**AIM OF THE EXERCISE**
Would you retype the listing word for word, skipping its pictures?
BEGIN RAW DATA
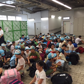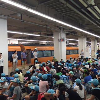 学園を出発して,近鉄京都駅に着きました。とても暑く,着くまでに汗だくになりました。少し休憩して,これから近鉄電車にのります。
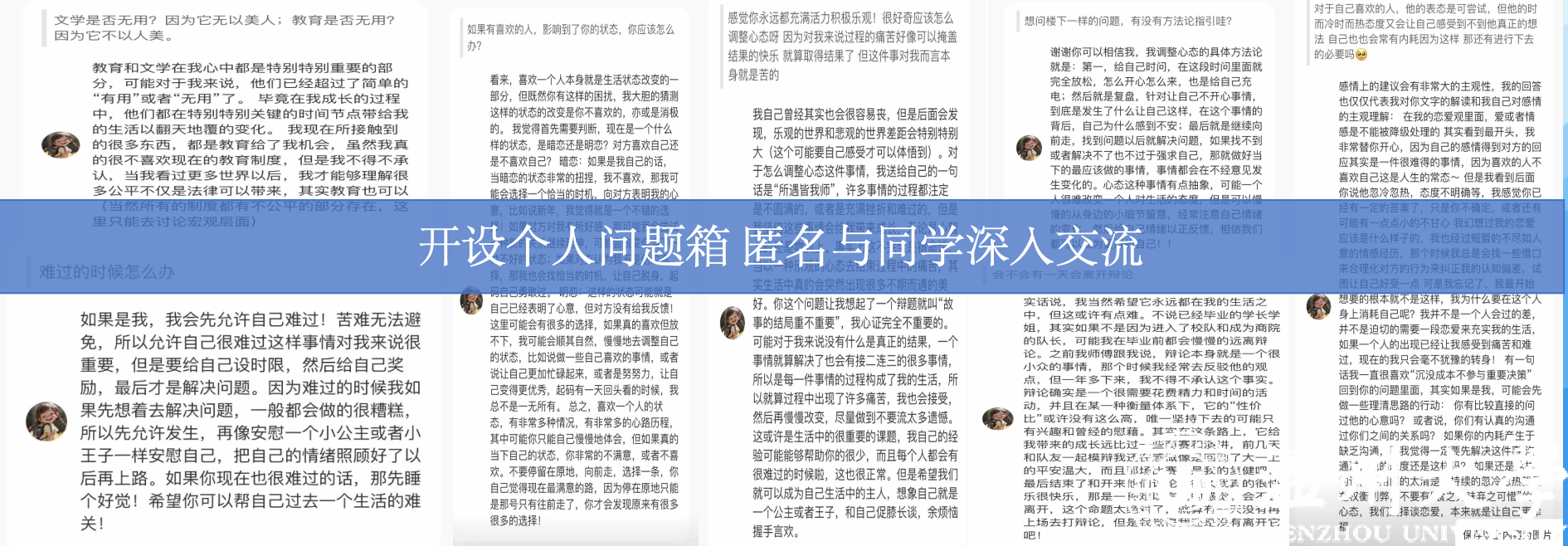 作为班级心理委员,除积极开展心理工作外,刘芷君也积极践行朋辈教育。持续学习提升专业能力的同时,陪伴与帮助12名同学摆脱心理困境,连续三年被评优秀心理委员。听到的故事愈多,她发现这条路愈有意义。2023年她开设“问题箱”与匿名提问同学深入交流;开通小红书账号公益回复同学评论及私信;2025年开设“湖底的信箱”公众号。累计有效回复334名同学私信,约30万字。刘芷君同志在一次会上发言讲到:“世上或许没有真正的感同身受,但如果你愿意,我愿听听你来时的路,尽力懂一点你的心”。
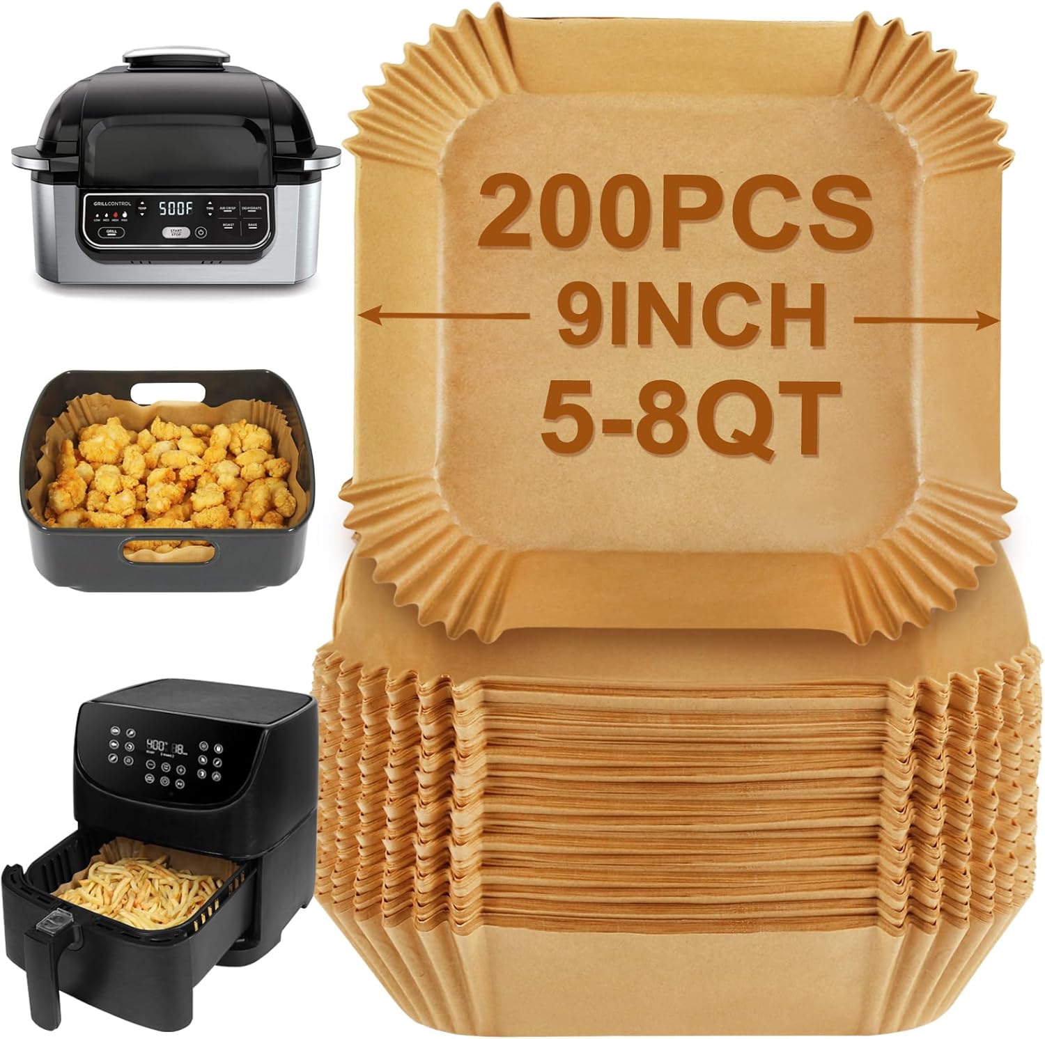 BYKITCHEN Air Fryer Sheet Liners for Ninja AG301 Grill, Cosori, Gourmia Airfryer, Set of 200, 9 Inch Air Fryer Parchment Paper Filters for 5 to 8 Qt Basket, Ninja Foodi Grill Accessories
END RAW DATA
**ANSWER FOR THE TASK**
 学園を出発して,近鉄京都駅に着きました。とても暑く,着くまでに汗だくになりました。少し休憩して,これから近鉄電車にのります。
 作为班级心理委员,除积极开展心理工作外,刘芷君也积极践行朋辈教育。持续学习提升专业能力的同时,陪伴与帮助12名同学摆脱心理困境,连续三年被评优秀心理委员。听到的故事愈多,她发现这条路愈有意义。2023年她开设“问题箱”与匿名提问同学深入交流;开通小红书账号公益回复同学评论及私信;2025年开设“湖底的信箱”公众号。累计有效回复334名同学私信,约30万字。刘芷君同志在一次会上发言讲到:“世上或许没有真正的感同身受,但如果你愿意,我愿听听你来时的路,尽力懂一点你的心”。
 BYKITCHEN Air Fryer Sheet Liners for Ninja AG301 Grill, Cosori, Gourmia Airfryer, Set of 200, 9 Inch Air Fryer Parchment Paper Filters for 5 to 8 Qt Basket, Ninja Foodi Grill Accessories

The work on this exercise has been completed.